5 N.Y. 256 | NY | 1851
The defendant M. Price Moore was the son and agent of Lewis Moore. The father resided in New Jersey, and at the time of the sale hereinafter mentioned, was more than seventy years old, infirm in body and mind. The son resided in New York, where much of the real estate of the father was situated, of which he had the management and control, as a general agent for the owner. Prior to August, 1841, the defendant, as the agent of his father, who held a mortgage of $4,000 against one Wilkes, took possession of the mortgaged premises, and received the rents, amounting to $250 per annum. The mortgagor was hopelessly insolvent, and continued so, according to the evidence, to the time when the suit was instituted. In this situation a foreclosure of the mortgage was effected, on a bill filed by the agent in behalf of his father, and a decree for the sale of the premises was entered for upwards of five thousand dollars. On the 26th of April, 1842, the mortgaged premises were sold at a master's sale, in the city of New York, and bid in by Aitken, another defendant, for $1660. The sale occurred at a time when real estate was very much depreciated, when the mortgagee was realizing a rent of $250 from this parcel. The purchase, as the complainants allege, was made for the benefit of the *258 agent, and the answers of the defendants in connection with the testimony, leave no doubt in my mind of the truth of the allegation. The defendant Moore states, in his answer, "that "he took the particular instructions of his father as to the foreclosure " — those instructions leaving it discretionary with him "to select the solicitor, and to adjust and manage the business "as he thought proper." He further states "that he was limited by his principal to the sum of $1500 as the price of the property, in consequence of a prejudice in his mind arising from the uncertainty of the ownership of real property in the city of New York, by reason of burdensome assessments, the taking of private property for public purposes, and the inadequate compensation allowed the owners." This, then, was the authority and its restriction, and the reason for the limitation. The duty of the agent was to obtain the highest price for the property, as it constituted the only security of his principal.
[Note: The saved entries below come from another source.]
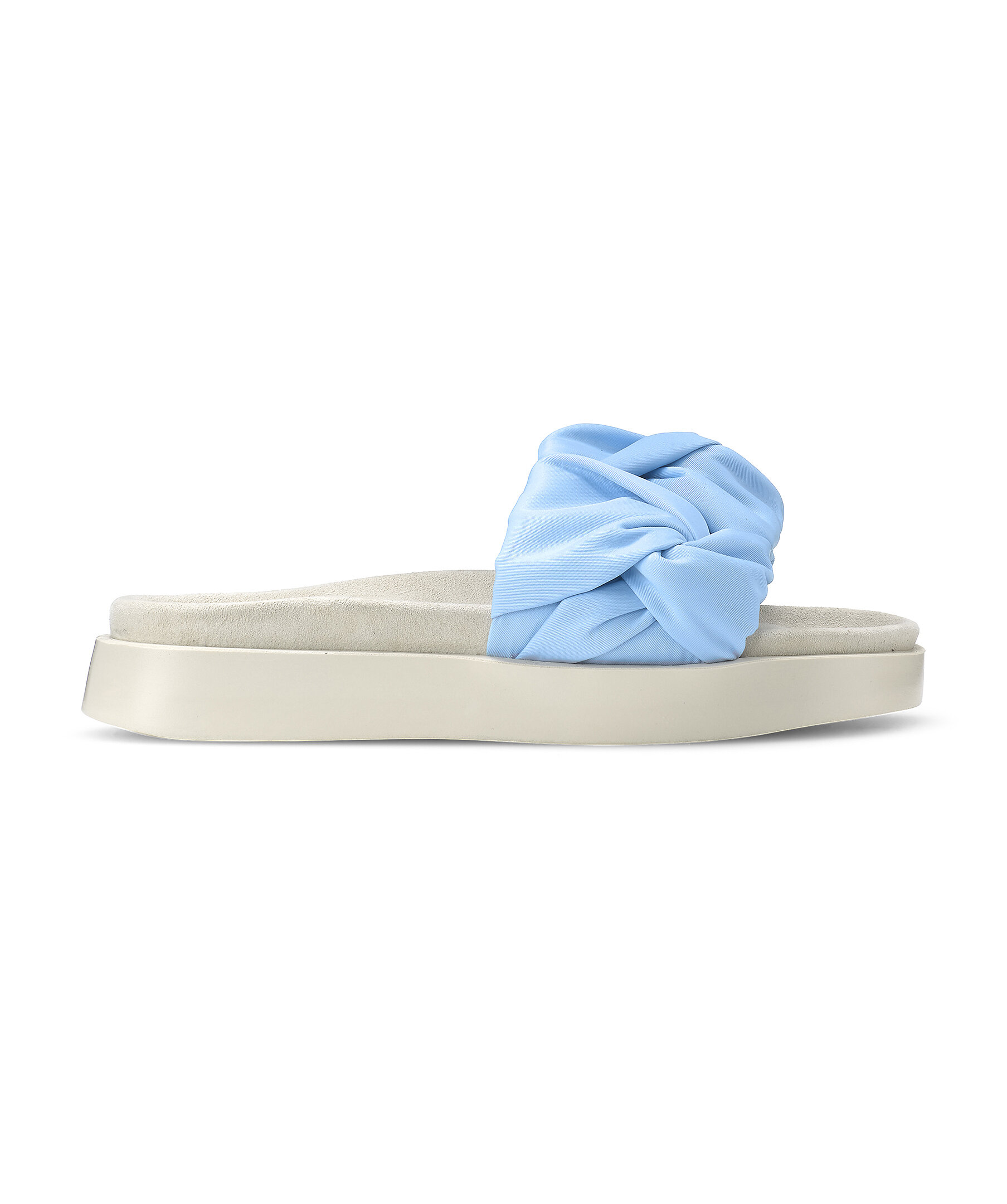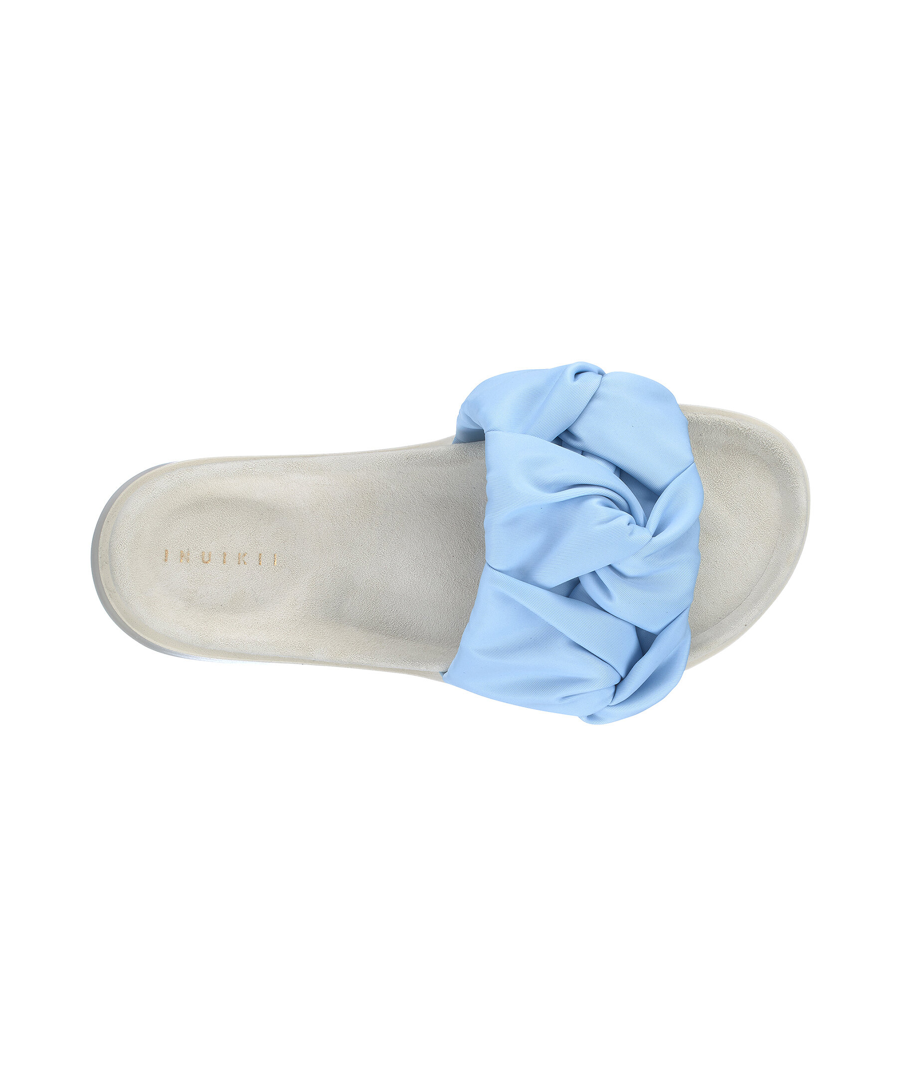 Beigea och ljusblåa slip-in tofflor från Inuikii. Lekfull men tidlös ovandel i ljusblått. Perfekt sommartoffel. Normal passform.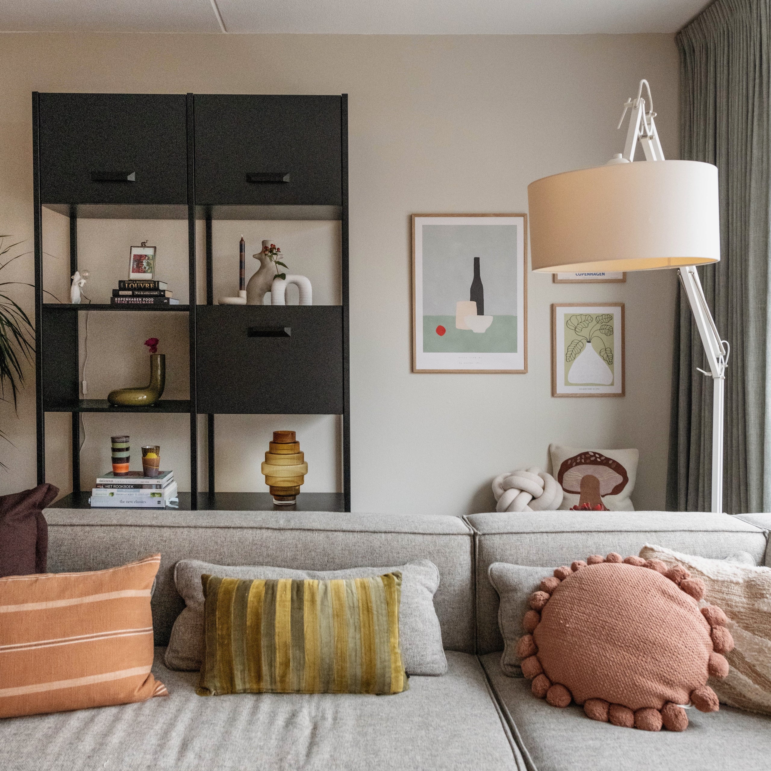 De woonkamer van Wouter had voorheen geen duidelijke woonstijl. ''Het kleurenpalet was voornamelijk grijs met wit, waardoor de woonkamer fris en ruimtelijk oogde. Dit gevoel wilden we graag behouden, maar dan wel met een duidelijke stijl en meer kleur.'' Die woonstijl bleek een mix van Scandinavisch en Industrieel te zijn. Met een aantal stijlvolle vazen en sierkussens kun je gemakkelijk en snel meer kleur aanbrengen in huis.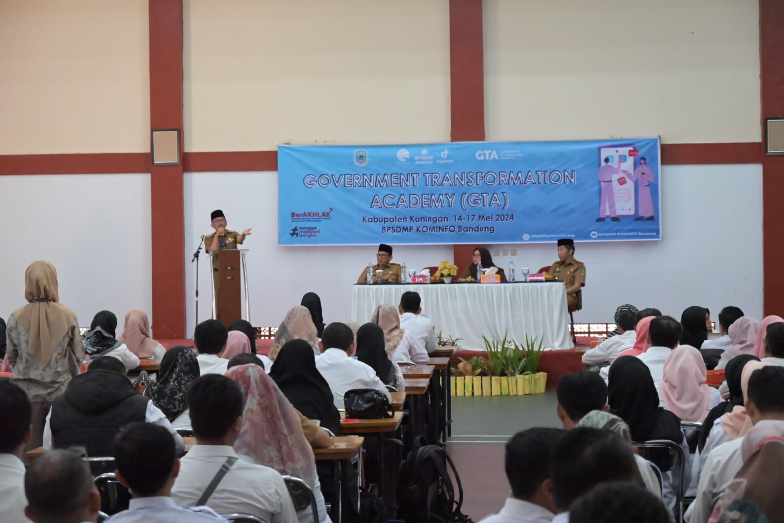KUNINGAN – Dalam rangka meningkatkan kapasitas Aparatur Sipil Negara dalam pengembangan kemampuan teknologi informasi dan Komunikasi, Pemerintah Kabupaten Kuningan melalui BKPSDM yang bekerjasama dengan BPSPDM Kominfo Bandung menyelenggarakan pelatihan bertajuk Government Transformation Academy (GTA).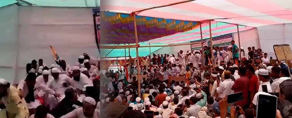 वक्फ कानून के खिलाफ आयोजित सभा, मंच पर काफी लोगों के जमा होने के कारण टूटा मंच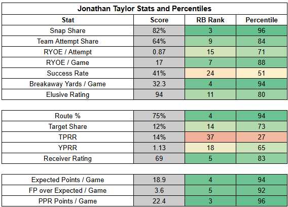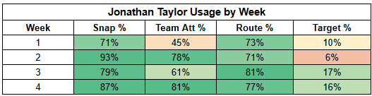 Jonathan Taylor is a very safe bet for rushing volume this week. He's RB3 in snap share and RB9 in carry share, despite missing a decent chunk of Week 1.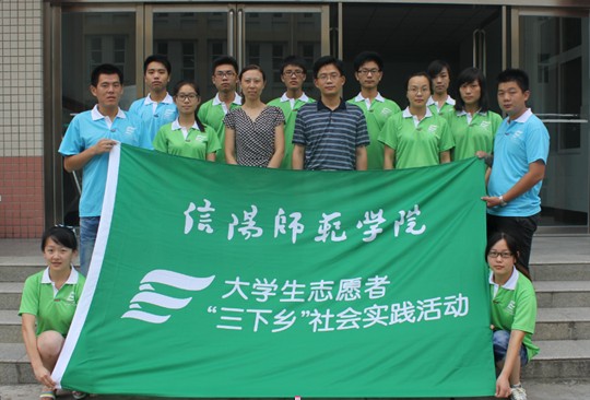 以“凝聚青春力量,实践中国梦想”为主题的信阳师范学院2013年暑期“三下乡”社会实践活动在信阳师范学院各学院如火如荼的进行。经济学院赴信阳市邮政储蓄银行菁英训练营暑期社会实践在7月7日上午正式启动,由经济学院党总支副书记房加帅、团总支书记张海霞带领志愿服务队在经管楼前举行出征仪式。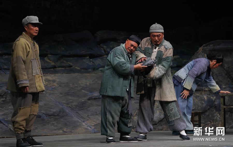 10月10日,演员在徐州梆子现代戏《母亲》的表演中。新华社记者 季春鹏 摄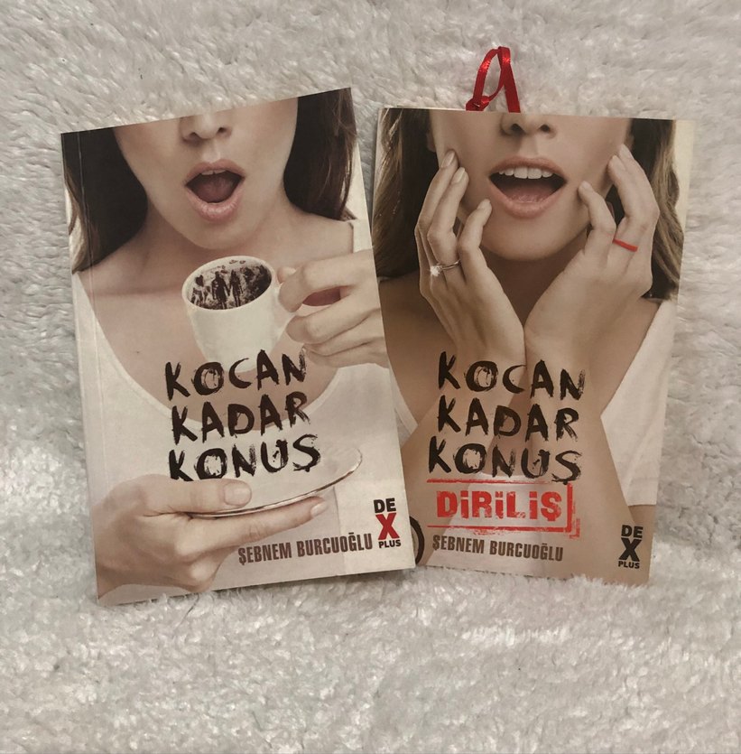 Şebnem Burcuoğlu'nun yazdığı 'Kocan Kadar Konuş' ve 'Diriliş' romanlarından oluşan set, yüz ifadeleriyle dikkat çekiyor.
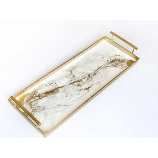 Tray Resin Rectangle Gold Quartz with Handles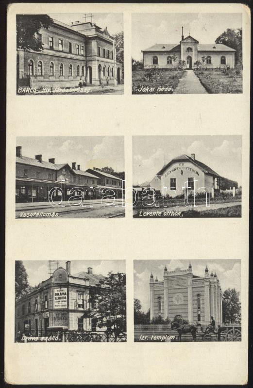Beschreibung: Barcs, Kir. Járásbíróság, Jókai fürdő, Levente otthon, Dráva szálló, vasútállomás, zsinagóga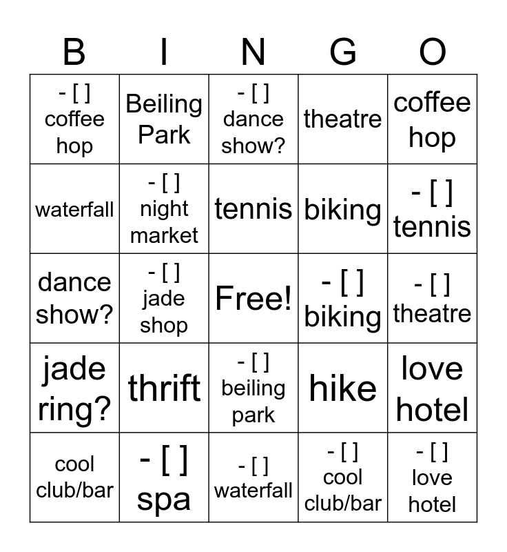 This bingo card has a free space and 30 words: - [ ] spa, - [ ] hike, - [ ] jade shop, - [ ] thrift, - [ ] coffee hop, - [ ] dance show?, - [ ] night market, - [ ] beiling park, - [ ] biking, - [ ] waterfall, - [ ] theatre, - [ ] love hotel, - [ ] cool club/bar, - [ ] shopping ?, - [ ] tennis, spa, hike, jade ring?, thrift, coffee hop, dance show?, night market, Beiling Park, biking, waterfall, theatre, love hotel, cool club/bar, tennis and run.

We shall see how he discharged this duty. He states, in his answer, that he informed Aitken, who was his friend and legal adviser, that his father had restricted the bidding on his account to $1500, and that he (the agent) would be at liberty to purchase at a sum exceeding that amount; that he did not wish to purchase the premises in his own name, nor was he sure he would do so, in the event stated. He then says, "it "was understood between him and Aitken, that if no more "than $1500 was bid, it should go for the benefit of the mortgagee; "that if Aitken should choose to bid beyond that — not "exceeding $1800 — he might consider such purchase as made "on his own account, or on account of the agent, or on their "joint account, as he should think proper, or as they should "agree." The effect of this arrangement was to make it the interest of the parties that the property should be bid off at a sum exceeding $1500, and not beyond $1800. The first would deprive the mortgagee of all interest in the property; and any sum beyond the amount limited by the mortgagee, *259 however small, and not exceeding the maximum of $1800, would give Aitken the control of the property, with the liberty to keep it, or a part of it, or, in case he found the purchase a disadvantageous one, to throw the whole of it upon the agent of the mortgagee.
The interest of Aitken required that the premises should bring the least sum practicable beyond $1500, and not more than $1800 at all events. The same was true of the agent; he could neither share in nor acquire the whole of the property, unless the biddings were confined to that limit. This agreement is stated in the answer, and is of itself evidence of a gross abuse of his power and duty as the agent for his father. I have quoted from the answer of the defendant Moore, as he has stated the case most favorably for the parties.
Aitken says, in his answer, that there was no agreement, but an implied understanding, that, on completing the purchase, he was to have a conveyance; and he then adds (with a simplicity that does equal credit to his candor and professional knowledge) that "this defendant does not consider that he "effected the purchase, until it is determined between this defendant "and the said Michael Price Moore, which is to have "the property," c. The effect of his answer is, that the property was bid in, subject to a future arrangement, between the defendants. He gives the contract a complexion more favorable to his co-defendant than the latter has deemed it expedient to assume in his own behalf. According to Moore, Aitken could keep all if he chose; according to Aitken, he was not entitled to anything until it was determined which should keep the property. Aitken's version is probably the true reading of the arrangement, as he is confirmed by other facts admitted by both defendants. The sale took place on the 26th day of April, 1842, and it was for cash. No money was then or ever paid, except the master's fees, by the defendant Moore. A year afterwards a master's deed was executed *260 to Aitken, but delivered to Moore by the master. In June, 1843, seven days after the death of Lewis Moore, Aitken conveyed by deed to Moore the defendant, with covenants against his own acts.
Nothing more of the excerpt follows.